*AIM OF THE EXERCISE*
The reply should reproduce every line of the data below word for word, minus any images.

*DATASET EXCERPT*
========================================================================

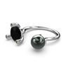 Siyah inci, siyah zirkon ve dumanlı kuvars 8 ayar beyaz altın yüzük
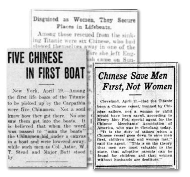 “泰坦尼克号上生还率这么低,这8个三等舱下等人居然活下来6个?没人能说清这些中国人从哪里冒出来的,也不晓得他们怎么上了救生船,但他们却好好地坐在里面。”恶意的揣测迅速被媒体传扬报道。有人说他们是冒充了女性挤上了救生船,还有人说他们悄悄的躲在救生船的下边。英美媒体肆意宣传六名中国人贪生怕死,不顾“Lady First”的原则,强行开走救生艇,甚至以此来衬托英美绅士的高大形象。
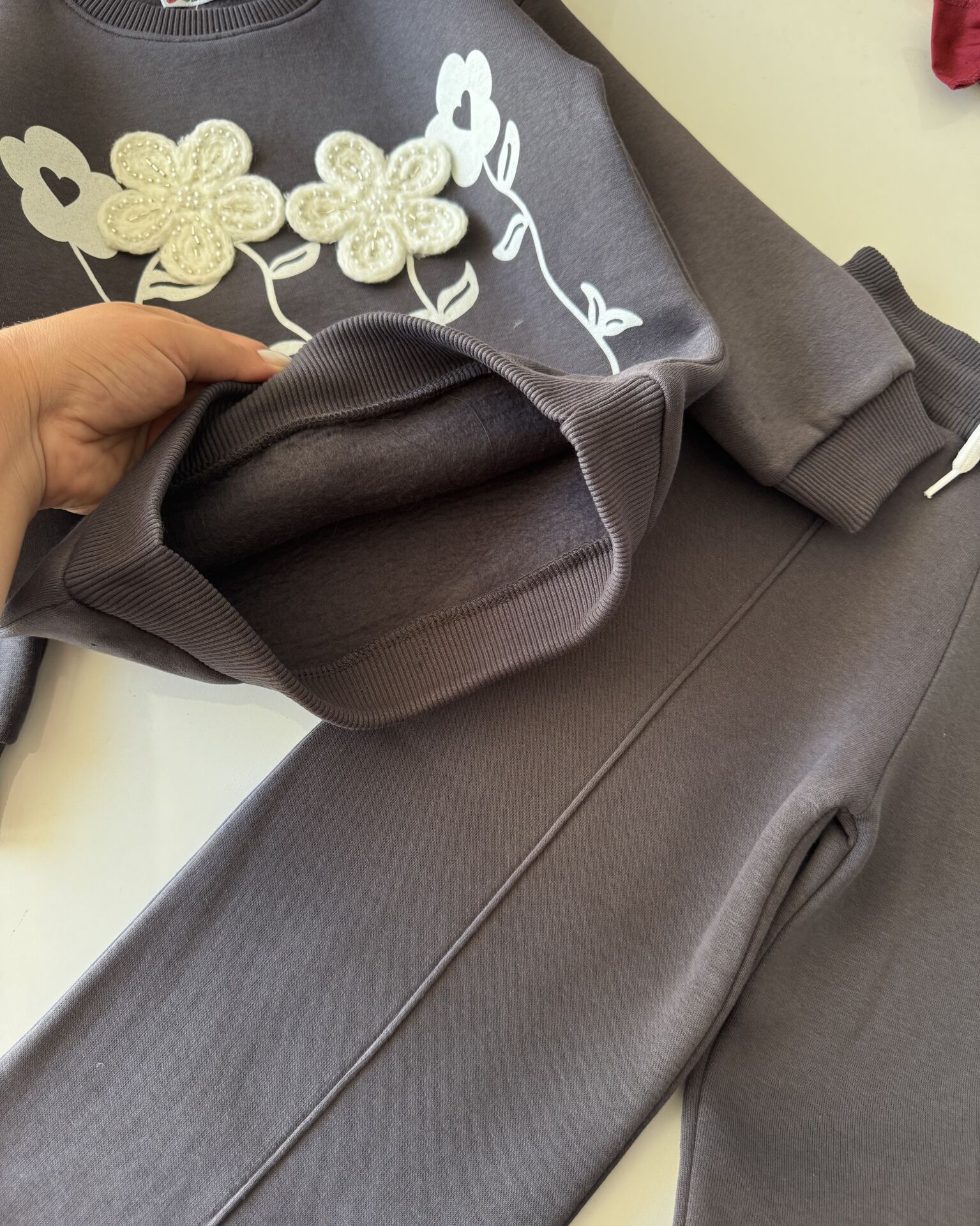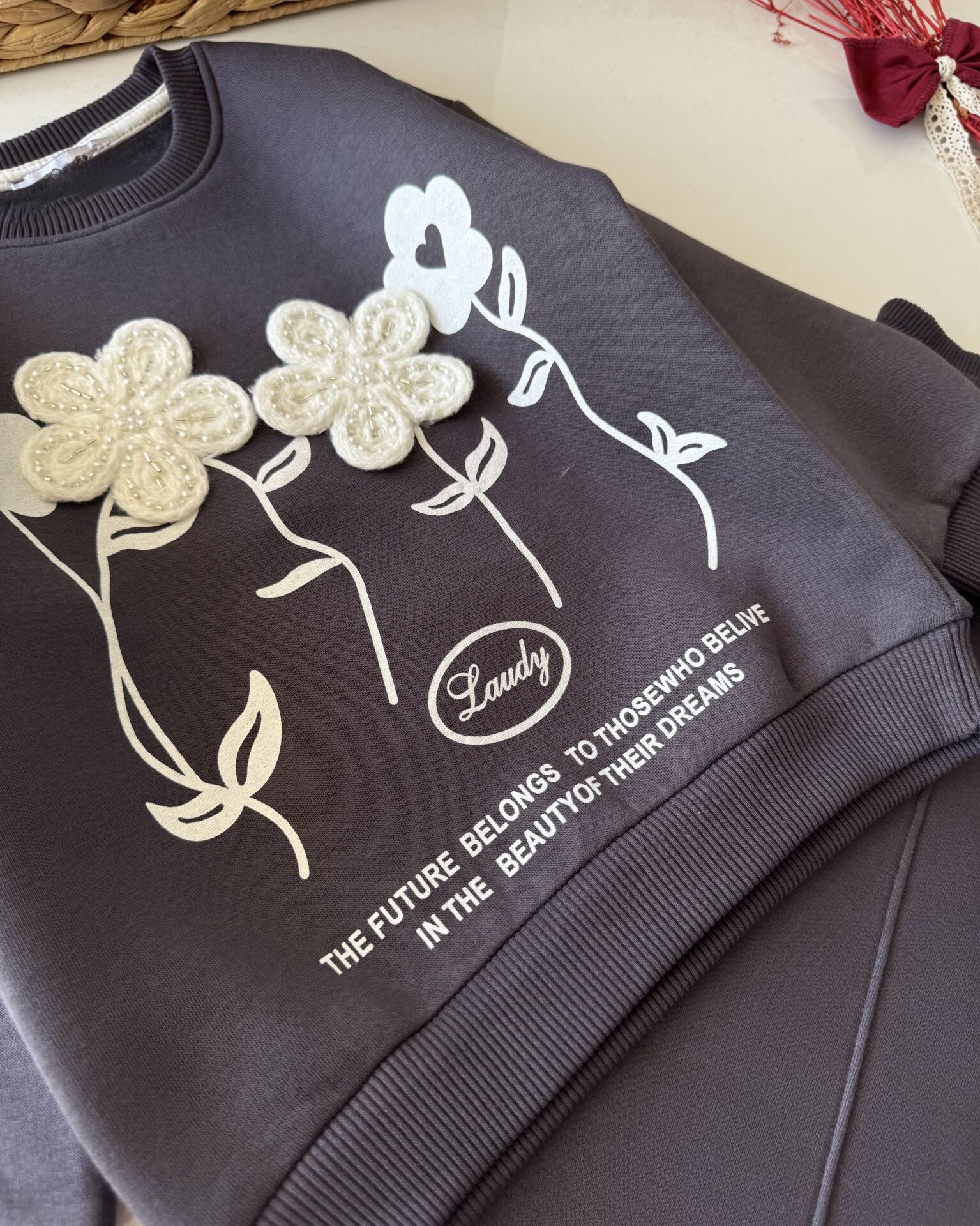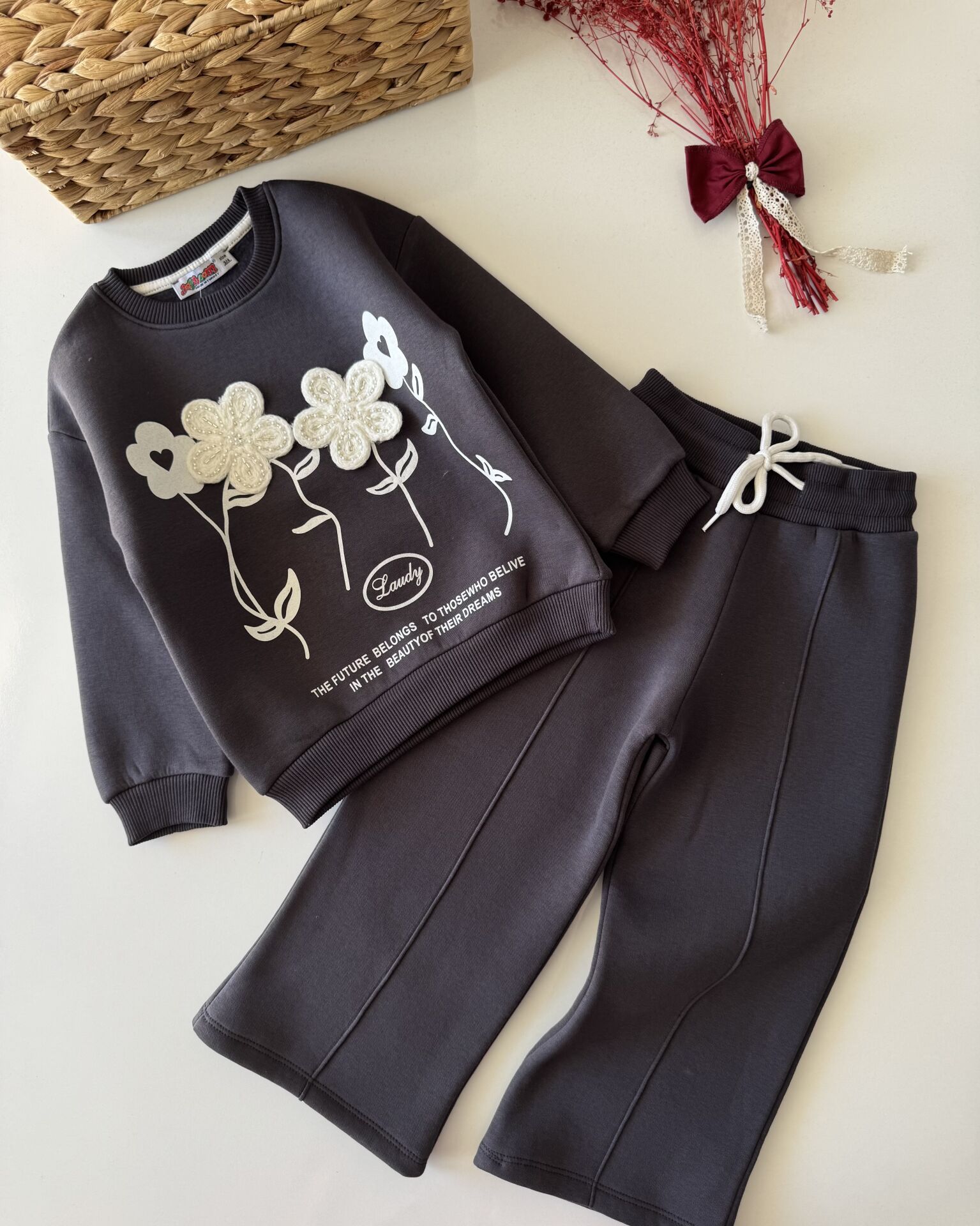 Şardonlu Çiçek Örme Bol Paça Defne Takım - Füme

========================================================================

*WRITTEN REPLY*
 Siyah inci, siyah zirkon ve dumanlı kuvars 8 ayar beyaz altın yüzük
 “泰坦尼克号上生还率这么低,这8个三等舱下等人居然活下来6个?没人能说清这些中国人从哪里冒出来的,也不晓得他们怎么上了救生船,但他们却好好地坐在里面。”恶意的揣测迅速被媒体传扬报道。有人说他们是冒充了女性挤上了救生船,还有人说他们悄悄的躲在救生船的下边。英美媒体肆意宣传六名中国人贪生怕死,不顾“Lady First”的原则,强行开走救生艇,甚至以此来衬托英美绅士的高大形象。
 Şardonlu Çiçek Örme Bol Paça Defne Takım - Füme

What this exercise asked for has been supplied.